Why Regulation Punishes IPOs
Are our capital markets broken? The global economy is operating on one cylinder and economic data from the U.S. continues to disappoint. A dangerous disconnect exists between the real economy and financial markets threatening the emergence of young companies and the jobs that they normally create.
August 23 2012 by ChiefExecutive.net
“Perhaps the biggest financial story so far this year is not the fiasco of the Facebook IPO or the computer malfunctions that brought down venerable Knight Capital in a matter of minutes, but the persistently low volumes on the major North American and European exchanges,” argues John Browne, senior market strategist for Euro Pacific Capital. “For generations, many investors assumed the benefits of economic growth were most likely transferred to the public through the ownership of common stock. For decades they were right. But the past dozen years of substandard stock performance, financial fraud, flash crashes and overhyped IPOs have threatened this assumption.”
Add to this the fact that in dollar volume, the number of initial public offerings in 2011 was around $27 billion versus $31 billion in 1993. In 1993, for example,there were 509 offerings. In 2011 there were 81 offerings according to Professor Jay Ritter of the University of Florida.
“What these numbers mean,” writes John Ransom in Townhall Finance,” is that over a period of time when world wealth was growing from $25 trillion to $64 trillion, the number of initial offerings on what are supposed to be the greatest financial markets in the world, fell by 84 percent. And 1993 was not one of the go-go 1990s years in the stock market either. Instead it was a stock market coming out of recession at 3,435 on the Dow Jones.” The average size of the offering in 1993 was around $61 million in 1993. Today’s offerings average about $333 million.
It didn’t take long after Facebook’s IPO debacle for many companies to abandon their dreams of going public. This year, 29 companies have pulled their plans to go public. “Some people thought the (Facebook) IPO would jump-start the IPO market,” says Richard Peterson of S&P Capital IQ. “But it’s caused just the reverse.” Many of the companies getting cold feet are in tech: Popular travel search company Kayak Software among others quickly delayed their IPOs after Facebook’s fizzle.
Both Ransom and Browne reckon that what’s particularly worrying about the numbers is that they tend to confirm that smaller companies no longer have access to the type of capital that only Wall Street can raise to help companies grow and prosper. Ransom adds, “ According to Motley Fool, Intuit, the makers of QuickBooks and Quicken went public in 1993. According to filing from the company, they had about $132 million in revenues that year. The IPO allowed Intuit to make some strategic acquisitions with shares of stock that set it up to be the company it is today: 8,000 employees with over $3 billion in annual revenue and a market capitalization of about $17 billion as of March 2012.”
“These regulations are damaging American capital markets by providing an incentive for small US firms and foreign firms to deregister from US stock exchanges,” says Rep. Ron Paul one of the few House members who voted against Sarbanes-Oxley. “According to a study by the prestigious Wharton Business School, the number of American companies deregistering from public stock exchanges nearly tripled during the year after Sarbanes-Oxley became law, while the New York Stock Exchange had only 10 new foreign listings in all of 2004.”
When the Competitive Enterprise Institute examined some of the knock-on effects of Sarbanes-Oxley, it found that the feature that requires accountants to attest to the internal controls in a company’s annual audit costs American businesses $35 billion per year in direct compliance costs, more than all the money raised annually by IPOs since 2000, with the sole exception of 2007.

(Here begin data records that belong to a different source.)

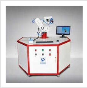
6 Axis Educational Robot Trainer Machine
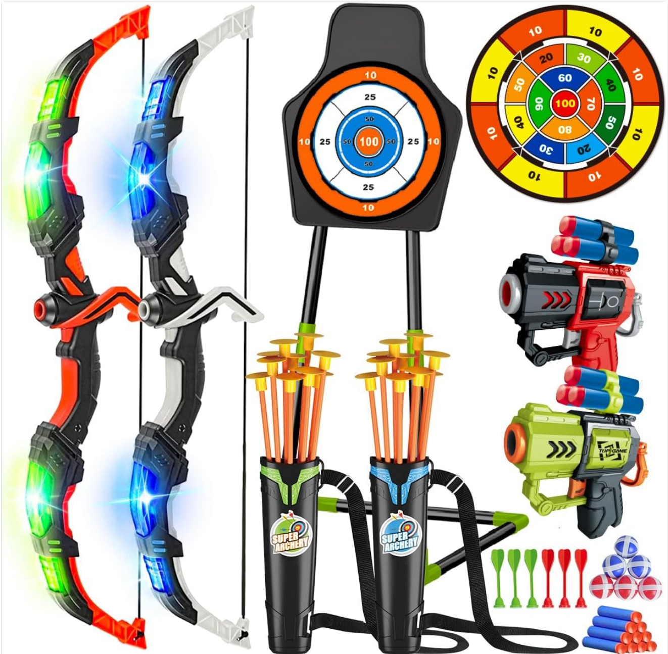
Image: Overview of all included components in the VATOS 2 Pack Bow and Arrow Toy set.
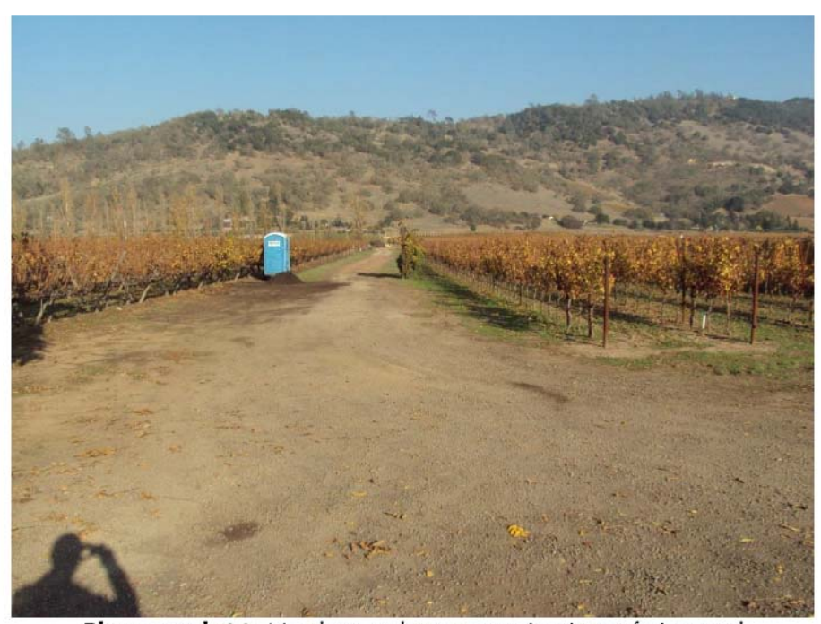
Photograph 28: Northeasterly panoramic view of vineyard and vineyard avenue entrance to northern end of site. November 23, 2015
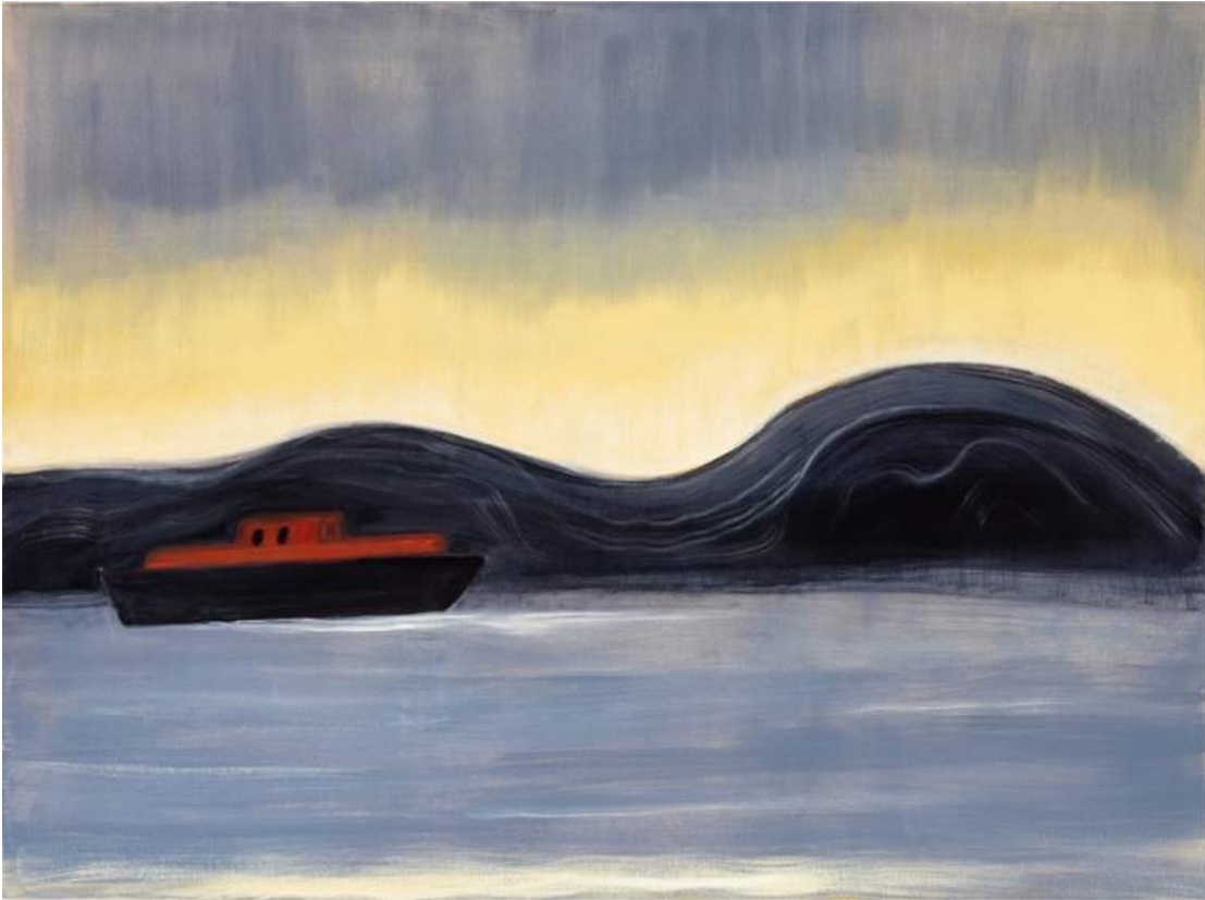
Boat on the Hudson, Dusk, 2022, oil on linen, 36 x 48 inches
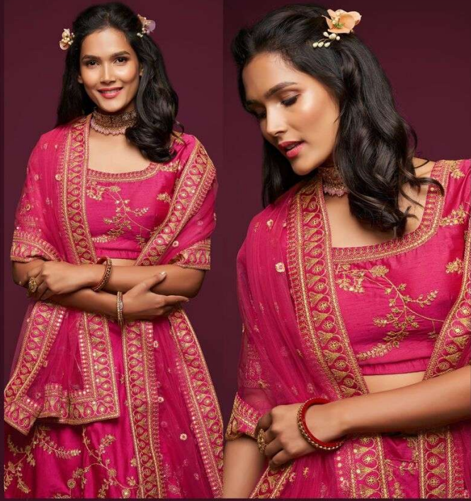
The beauty of the Indian women with gracefully drops in effulgent dresses.

The decline in IPOs likely owes a lot to a sputtering global but there are additional effects that hurt job creation. A Kauffman Foundation study analyzing the revenues and jobs created by companies before and after they went public, found that from June 1996 to 2010, a total of 2,766 companies completed IPOs in the U.S. Those companies employed five million people prior to the public offerings, and 7.3 million people in 2010. From 1980 to 2000, the U.S. was producing roughly 298 new IPOs per year. But from the 2001 to 2011, the average had dropped to just 90 per year. That slow down in the number of IPOs has had an impact on job creation. According to the study, had the number of IPOs kept pace during the past decade, those companies could have produced another 1.8 million jobs.
“What kind of an economy are we creating when we are paying compliance costs per year in excess of the actual money inflows to newly financed businesses?” Ransom asks.